Welcome to Atlanta .NET Regular Guys Sign in | Join | Help

Ok people - tell me what I'm doing wrong

I want to be a good boy, I really do!

Consider this scenario for me:  I've got a SQL query which returns 7000 rows.  I need to put a single value of this row into a combo box.  This value is also the primary identifier for one of my custom business objects.  That leaves me with the following three options:

  1. select the results out with a dataset and bind the combobox to the dataset
  2. select the results out with a datareader and iterate through the results, adding the values one at a time to the combobox
  3. select the results out with a datareader and for each value, create my custom business object and add it to a collection.  Then bind the combobox to the collection

I actually tried each of these.  I started out with solution #2 - but that took too long.  On my 3Ghz machine with 1Gb RAM, it took over a minute to iterate through all the results and add the values to the combobox.  Way too long.  So I moved on to solution #3 - much more elegant.  I create a collection of objects and all my databinding all over the form means I have virtually no code.  Sweet.  Except that took too long too.  Remember my post on delegates?  I implemented that technique and the process of creating all my CBOs took 40 seconds on a high powered HyperThreaded/Dual Core CPU.  So that moved me to solution #1 - which takes about 2 seconds (I also used the worker thread, so that might be helping).

Let's review:

  1. Use a simple dataset (and 2 threads).  This takes 2 seconds.  Of course, I have to create my CBO from the selected value later, but that's fast when I'm only doing it once.
  2. Use a data reader and a single thread.  This takes 75 seconds.
  3. Use a custom collection of CBOs and 2 threads.  This takes 40 seconds.

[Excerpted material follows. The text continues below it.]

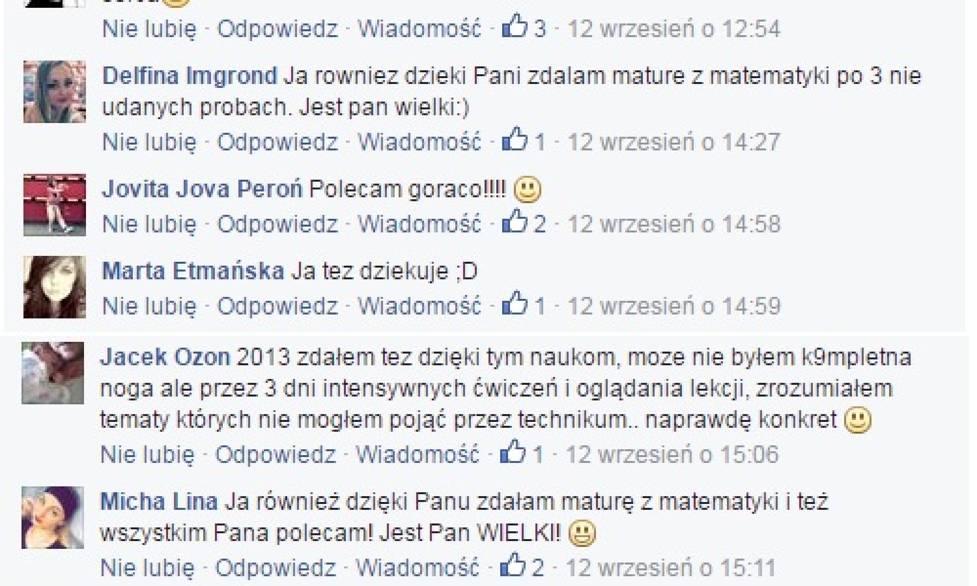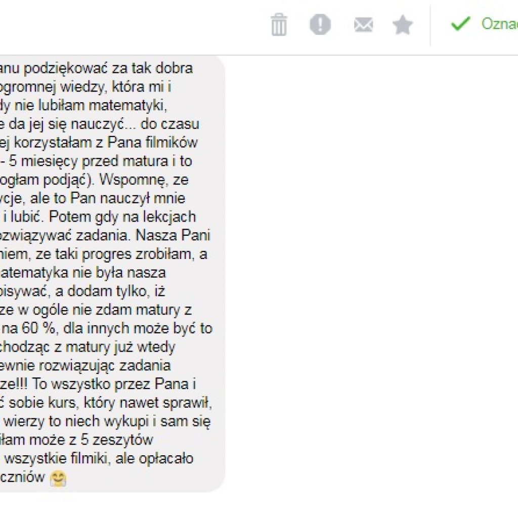 Ale spokojnie, to nie jest noszenie worków z cementem! Otrzymasz dobrze opracowany i przystępny materiał video, który zmieni Twoje nastawienie do matematyki. Wyobraź sobie, siadasz wieczorem z herbatą przed monitorem, wyciągasz zeszyt na notatki i rozpoczynasz seans video z daną lekcją. Jeśli czegoś nie zrozumiesz cofasz nagranie do momentu, w którym zgubiłeś wątek, prawda, że przyjemna perspektywa? Tysiące osób woli taki sposób własnej nauki niż marnowanie czasu w klasie, w której często nie ma warunków do słuchania i uczenia się. Znasz to?

Clearly solution #1 wins.  Of course, it's not as elegant as #3, but it's so much faster that anyone who talks about architectual purity needs to get slapped.  Now my question is why?  What the F$#K is taking so long?

I have a theory - I'm using the Enterprise Library to handle my calls to the database.  Hydrating my CBO makes a single call to the database and gets about 6 values out as output parameters.  My theory is that b/c the EntLib handles the opening and closing of the database inside of the ExecuteReader function that I'm actually opening and closing the connection 7000 times!  Now that totally sucks and if I was interested in writing the ADO code I'd move the open and close outside of the loop.  But I'm not really interested in writing that code b/c even if I could speed up the connection to the database, I doubt I'd shave 37 seconds off of my time.

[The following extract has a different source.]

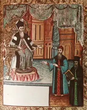 Caradja also welcomed in his palace Joseph Ledoulx, the French Empire's envoy to Wallachia, who recalled that Caradja made sure to avoid relevant diplomatic subjects, instead of focusing on showing his court as both splendid and peaceful—"he proved to me that the role of king [sic], which he had only been playing for two months, was neither hard nor unpleasant."[59] Ledoulx reports that the court included boyars, slave girls, as well as "all sorts of nobodies" who lived exclusively on princely handouts.[60] The court's reliance on princely boons and titles was also commented on by Caradja's Swiss secretary, François Recordon, who was puzzled by its sartorial components. According to Recordon, Wallachian boyars would spend lavish amounts on clothes and jewelry, including kalpak headgear that he measures as "at least five feet across".[61] As one of his first acts in power, Caradja called on his friend Fleischhackl, who was serving as Austrian consul in Bucharest, to help him import 100 pounds of snuff, which he then sent as a thank-you bribe to Sultan Mahmud. When Fleischhackl had his first audience with the Prince, he found himself pestered by the latter's retinue, and only stopped them from following him by paying them bribes totaling 387 piasters.[62]

So my question to the general public is this: when is it right to use a dataset and when should I use a CBO?  I'm not doing a lot of complex work here - just filling out some screens with some properties of some objects.  Sounds like a job for a CBO collection, but I'm typically dealing with THOUSANDS of objects.  Datasets seem to win on raw speed.

Thoughts?  Comments?

-- Matt Ranlett

Published 19-01-2006 04:23 by Matt Ranlett
Filed Under:

Comment Notification

If you would like to receive an email when updates are made to this post, please register here

Subscribe to this post's comments using RSS

Comments

 

Jim Wooley said:

I just tried pushing 30000 records into a combo box using business objects populated by a data reader. The combobox was populated within 4 seconds and available on the screen. Thus there does sound like there is some additional issues with how the CBO is being populated in your code.

If you think about it, the data set is just an array of objects populated by a datareader under the covers. In addition, the dataset has additional functionality that is additional overhead a CBO wouldn't necessarily need, thus the CBO should be more performant.

Another extention to try as you are having fun with Background Workers: Open the form with the combobox set with the AutoCompleteMode set to SuggestAppend. Set the AutoCompleteSource to the lookup object once it comes back from the worker thread. That way, it should be populated before the user can get to it, but they don't have to wait for it to be populated in order to view the screen. Could be something to try.
January 19, 2006 2:41 PM
 

Keith Rome said:

1. Run SQL Profiler while performing each test. The trace might provide some valuable insight.

2. Why force yourself into using the EntLib db block? ADO.NET is insanely simply to work with directly.

3. Actually, of the three options you present, #1 is the most elegant and prevents a few problems that #2 can cause. #3 is just simply not a good idea.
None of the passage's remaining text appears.